§ THE DATA
--
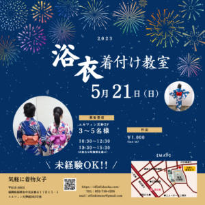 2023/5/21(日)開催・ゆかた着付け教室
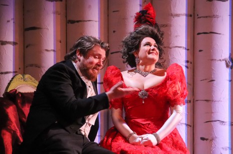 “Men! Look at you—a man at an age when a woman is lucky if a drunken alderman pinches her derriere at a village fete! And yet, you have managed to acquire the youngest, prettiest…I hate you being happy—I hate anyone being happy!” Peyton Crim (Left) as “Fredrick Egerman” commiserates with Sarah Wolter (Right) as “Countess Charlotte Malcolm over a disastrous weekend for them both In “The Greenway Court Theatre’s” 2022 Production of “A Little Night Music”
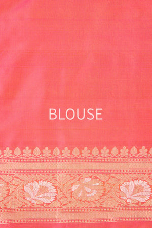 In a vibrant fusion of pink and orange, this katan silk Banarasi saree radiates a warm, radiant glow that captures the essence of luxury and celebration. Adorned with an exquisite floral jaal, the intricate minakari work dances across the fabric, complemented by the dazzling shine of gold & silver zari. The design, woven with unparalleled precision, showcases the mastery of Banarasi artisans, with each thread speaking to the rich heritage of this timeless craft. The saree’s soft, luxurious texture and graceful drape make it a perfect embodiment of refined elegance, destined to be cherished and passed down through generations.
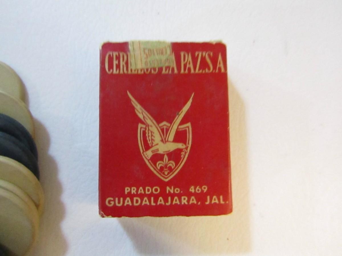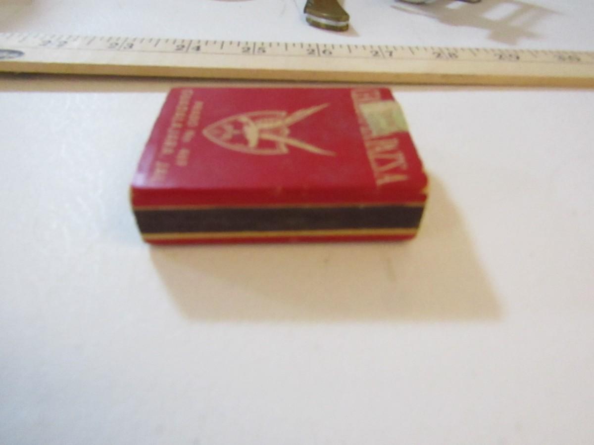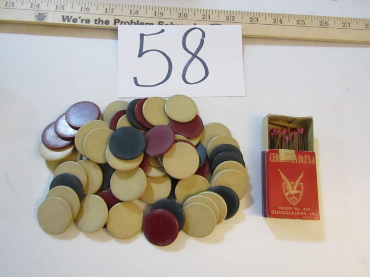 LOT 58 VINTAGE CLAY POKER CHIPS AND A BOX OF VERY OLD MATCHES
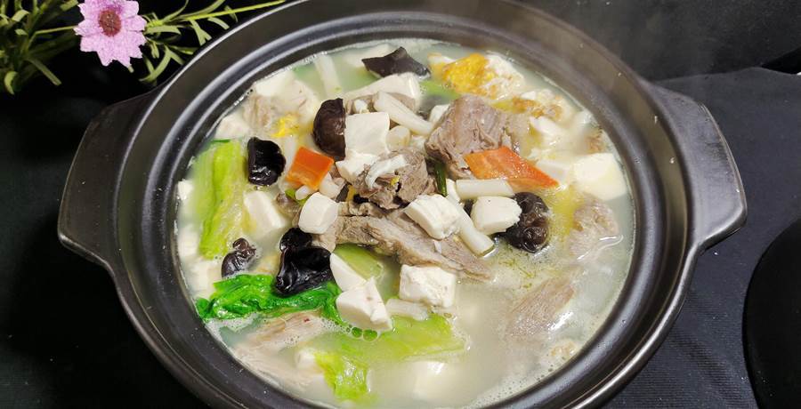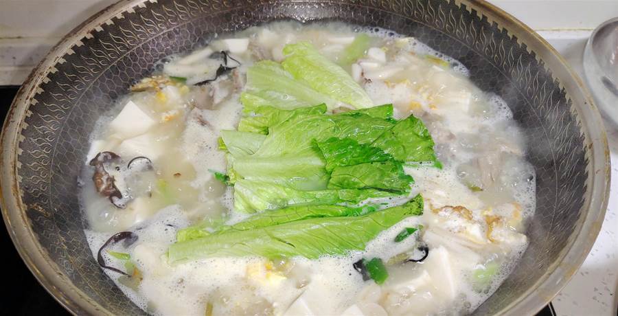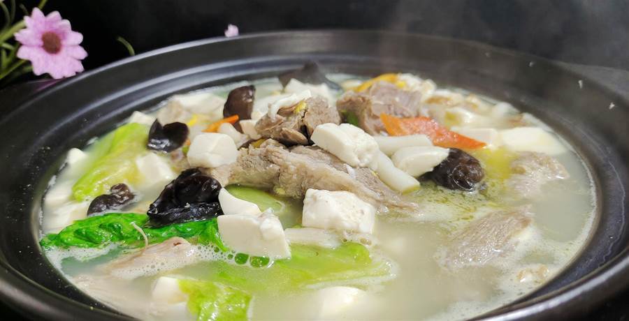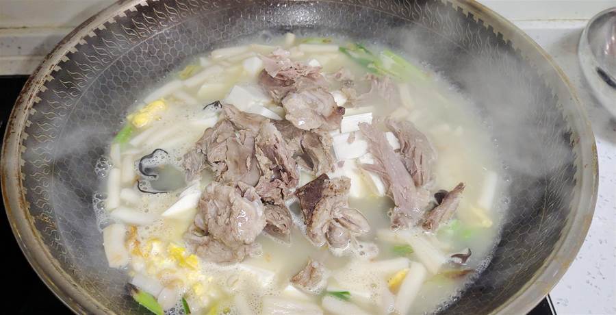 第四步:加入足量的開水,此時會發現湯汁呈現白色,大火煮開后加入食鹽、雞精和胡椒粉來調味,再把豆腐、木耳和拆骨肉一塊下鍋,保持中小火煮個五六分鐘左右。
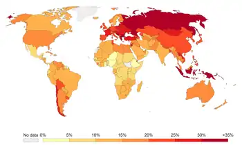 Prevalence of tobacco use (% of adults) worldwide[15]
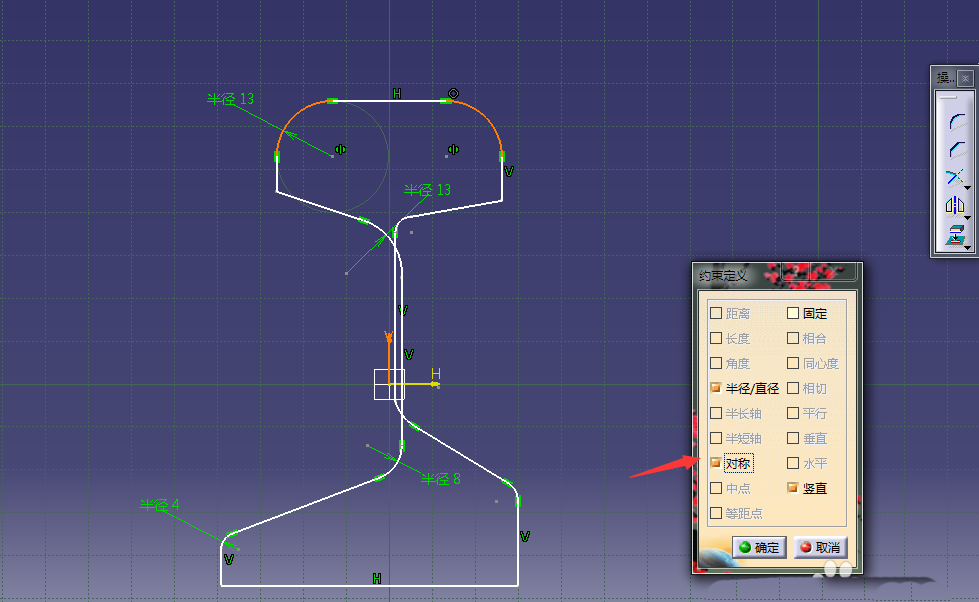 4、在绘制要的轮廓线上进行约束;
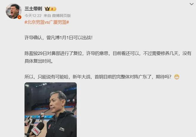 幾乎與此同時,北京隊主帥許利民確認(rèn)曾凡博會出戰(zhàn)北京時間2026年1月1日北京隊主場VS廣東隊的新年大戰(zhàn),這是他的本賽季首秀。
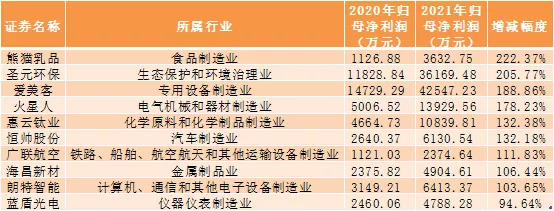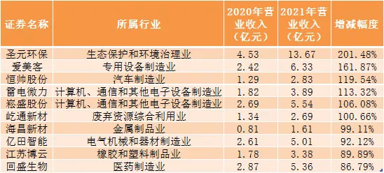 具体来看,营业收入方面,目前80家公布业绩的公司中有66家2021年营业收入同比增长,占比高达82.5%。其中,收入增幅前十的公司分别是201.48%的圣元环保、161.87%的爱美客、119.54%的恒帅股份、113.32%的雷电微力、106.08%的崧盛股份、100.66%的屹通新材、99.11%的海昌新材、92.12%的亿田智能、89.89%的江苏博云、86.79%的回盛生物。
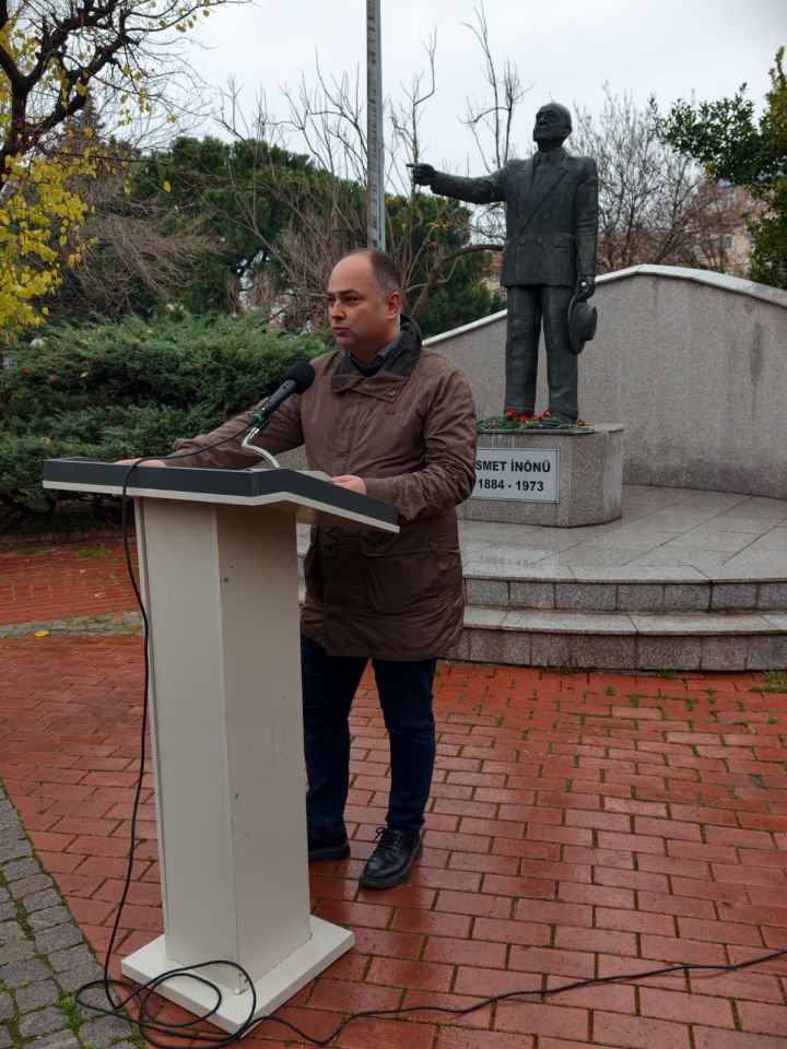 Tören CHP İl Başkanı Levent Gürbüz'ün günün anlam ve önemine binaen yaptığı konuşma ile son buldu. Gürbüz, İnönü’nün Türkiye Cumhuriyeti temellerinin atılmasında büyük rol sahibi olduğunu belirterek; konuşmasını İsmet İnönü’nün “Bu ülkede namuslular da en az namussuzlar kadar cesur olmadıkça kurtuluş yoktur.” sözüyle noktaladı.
--
§ WHAT YOU SHOULD DO
Reproduce the listing exactly, but omit every picture in it.

§ ANSWER FOR THIS EXERCISE
 2023/5/21(日)開催・ゆかた着付け教室
 “Men! Look at you—a man at an age when a woman is lucky if a drunken alderman pinches her derriere at a village fete! And yet, you have managed to acquire the youngest, prettiest…I hate you being happy—I hate anyone being happy!” Peyton Crim (Left) as “Fredrick Egerman” commiserates with Sarah Wolter (Right) as “Countess Charlotte Malcolm over a disastrous weekend for them both In “The Greenway Court Theatre’s” 2022 Production of “A Little Night Music”
 In a vibrant fusion of pink and orange, this katan silk Banarasi saree radiates a warm, radiant glow that captures the essence of luxury and celebration. Adorned with an exquisite floral jaal, the intricate minakari work dances across the fabric, complemented by the dazzling shine of gold & silver zari. The design, woven with unparalleled precision, showcases the mastery of Banarasi artisans, with each thread speaking to the rich heritage of this timeless craft. The saree’s soft, luxurious texture and graceful drape make it a perfect embodiment of refined elegance, destined to be cherished and passed down through generations.
 LOT 58 VINTAGE CLAY POKER CHIPS AND A BOX OF VERY OLD MATCHES
 第四步:加入足量的開水,此時會發現湯汁呈現白色,大火煮開后加入食鹽、雞精和胡椒粉來調味,再把豆腐、木耳和拆骨肉一塊下鍋,保持中小火煮個五六分鐘左右。
 Prevalence of tobacco use (% of adults) worldwide[15]
 4、在绘制要的轮廓线上进行约束;
 幾乎與此同時,北京隊主帥許利民確認(rèn)曾凡博會出戰(zhàn)北京時間2026年1月1日北京隊主場VS廣東隊的新年大戰(zhàn),這是他的本賽季首秀。
 具体来看,营业收入方面,目前80家公布业绩的公司中有66家2021年营业收入同比增长,占比高达82.5%。其中,收入增幅前十的公司分别是201.48%的圣元环保、161.87%的爱美客、119.54%的恒帅股份、113.32%的雷电微力、106.08%的崧盛股份、100.66%的屹通新材、99.11%的海昌新材、92.12%的亿田智能、89.89%的江苏博云、86.79%的回盛生物。
 Tören CHP İl Başkanı Levent Gürbüz'ün günün anlam ve önemine binaen yaptığı konuşma ile son buldu. Gürbüz, İnönü’nün Türkiye Cumhuriyeti temellerinin atılmasında büyük rol sahibi olduğunu belirterek; konuşmasını İsmet İnönü’nün “Bu ülkede namuslular da en az namussuzlar kadar cesur olmadıkça kurtuluş yoktur.” sözüyle noktaladı.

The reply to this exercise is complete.